The practical reality: simple Express or Fastify apps usually work. Complex applications with deep Node dependencies need testing. Always run your full test suite under Bun before committing to a migration.
Setting Up a Project
Starting a new project with Bun is refreshingly simple:
# Create a new project
bun init
# Install dependencies
bun add express
bun add -d typescript @types/express
# Run your app
bun run index.ts
# Run tests
bun test
# Bundle for production
bun build ./src/index.ts --outdir ./dist --target node
The `bun init` command scaffolds a minimal project with a `tsconfig.json` and entry file. The bundler (`bun build`) is still young compared to esbuild or Rollup, but it handles basic bundling tasks well.
Where Bun Excels
Three areas where I'd reach for Bun today without hesitation:
- Scripting and tooling. For CLI scripts, automation tasks, and developer tools, Bun's fast startup and native TypeScript support make it ideal. Writing a quick script in TypeScript and running it with `bun run script.ts` is the best developer experience I've found for this use case.
- New API servers. If you're building a fresh API without heavy native dependencies, Bun.serve() is excellent. The Web Standard APIs mean your code is portable.
- Package management. Even if you use Node as your runtime, `bun install` as your package manager is a free speed win. It generates a `node_modules` directory that works with Node, so you can mix and match.
Where Node Is Still Safer
For production applications with complex dependency trees, heavy native addon usage, or where you need battle-tested stability, Node.js 20 LTS is still the safer choice. Node's ecosystem compatibility is unmatched after 14 years. Its long-term support releases get security patches for years. The debugging tools (inspector protocol, flame graphs, heap snapshots) are mature.
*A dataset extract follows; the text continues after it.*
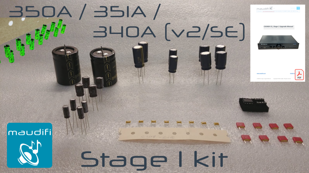 Stage 1, Essential Refinement upgrade kit for all the Cambridge Audio Azur 3xx evolution of integrated amplifiers, except the very first edition. i.e. This kit is suitable for the 340A v2, 340A SE, 350A or the 351A. You or your appointed technician must carry out the upgrade. maudifi offers an upgrade service for UK customers, available here.
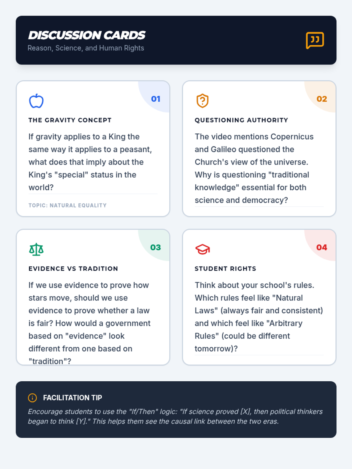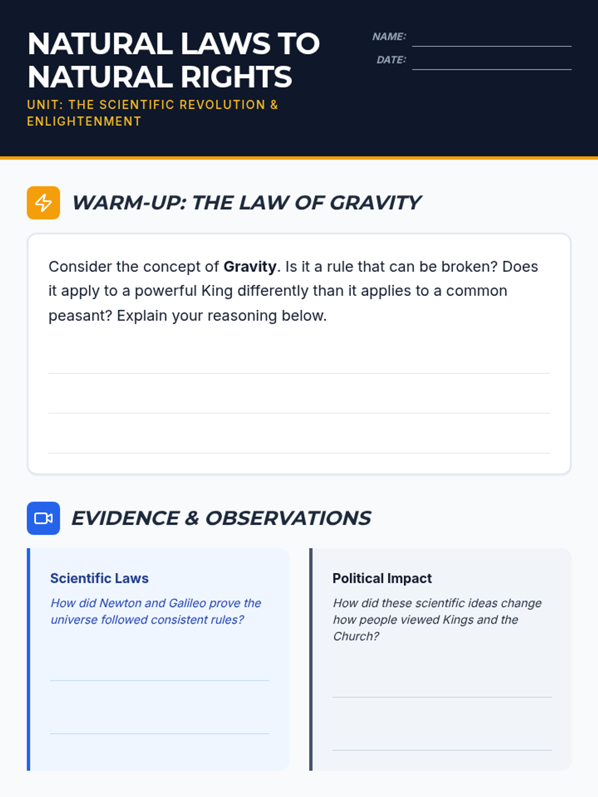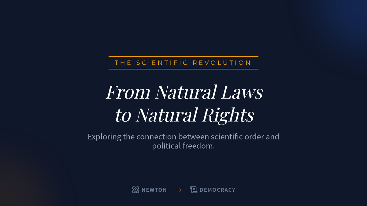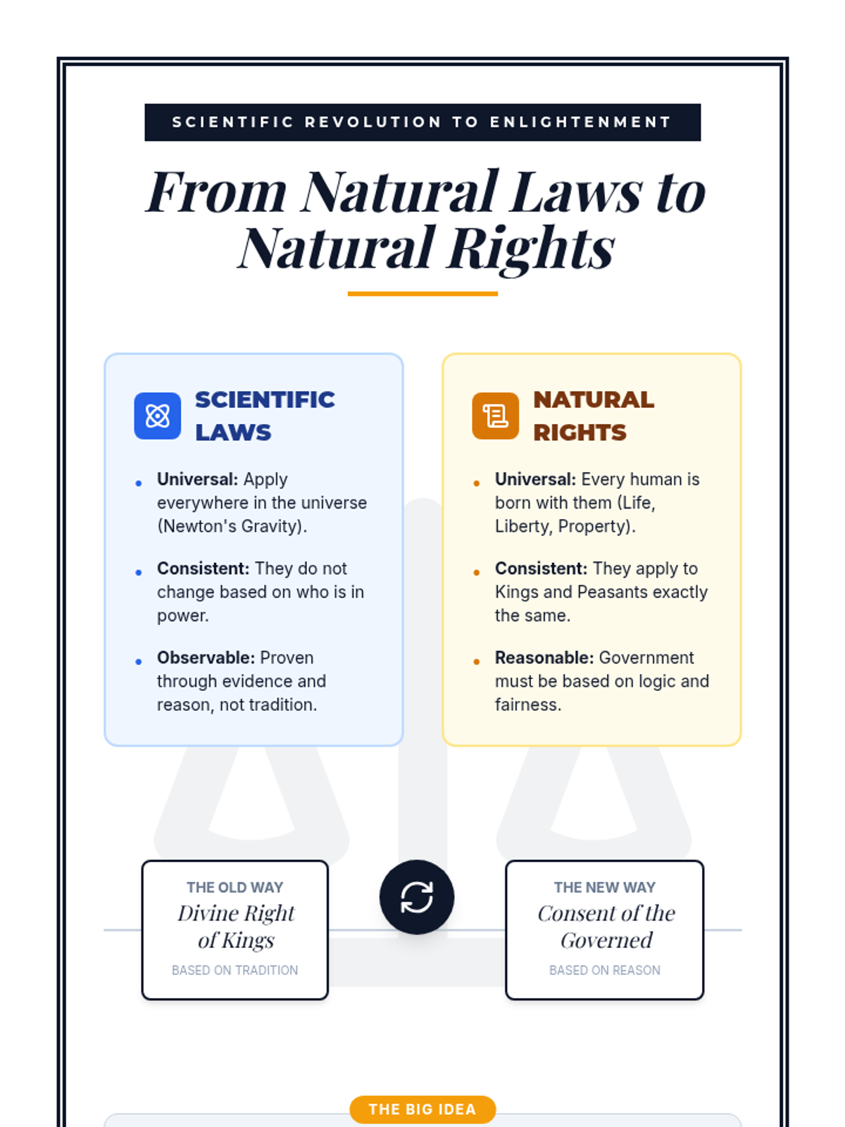 Students explore how the Scientific Revolution's discovery of universal natural laws, like Newton's gravity, inspired Enlightenment thinkers to develop concepts of natural rights and democracy, moving society from the 'Divine Right' of kings to the power of reason and evidence.

Bun is version 1.0, and it shows. The pace of fixes and improvements is impressive, but you'll still hit edge cases that wouldn't exist in Node. For personal projects and greenfield services, that's fine. For production workloads handling real traffic, I'd recommend running Bun alongside your Node setup for a while before fully switching.
The Bigger Picture
Whether or not Bun "replaces" Node, it's already pushing the entire ecosystem forward. Node 20 and 21 shipped significant performance improvements partly because Bun set a new bar for what JavaScript runtime performance should look like. Deno is also iterating faster. Competition is making everything better.
I'm using Bun for all my scripting, most of my new side projects, and as a package manager across everything. For production services at scale, I'm watching closely but not rushing. That feels like the right balance for where Bun is today.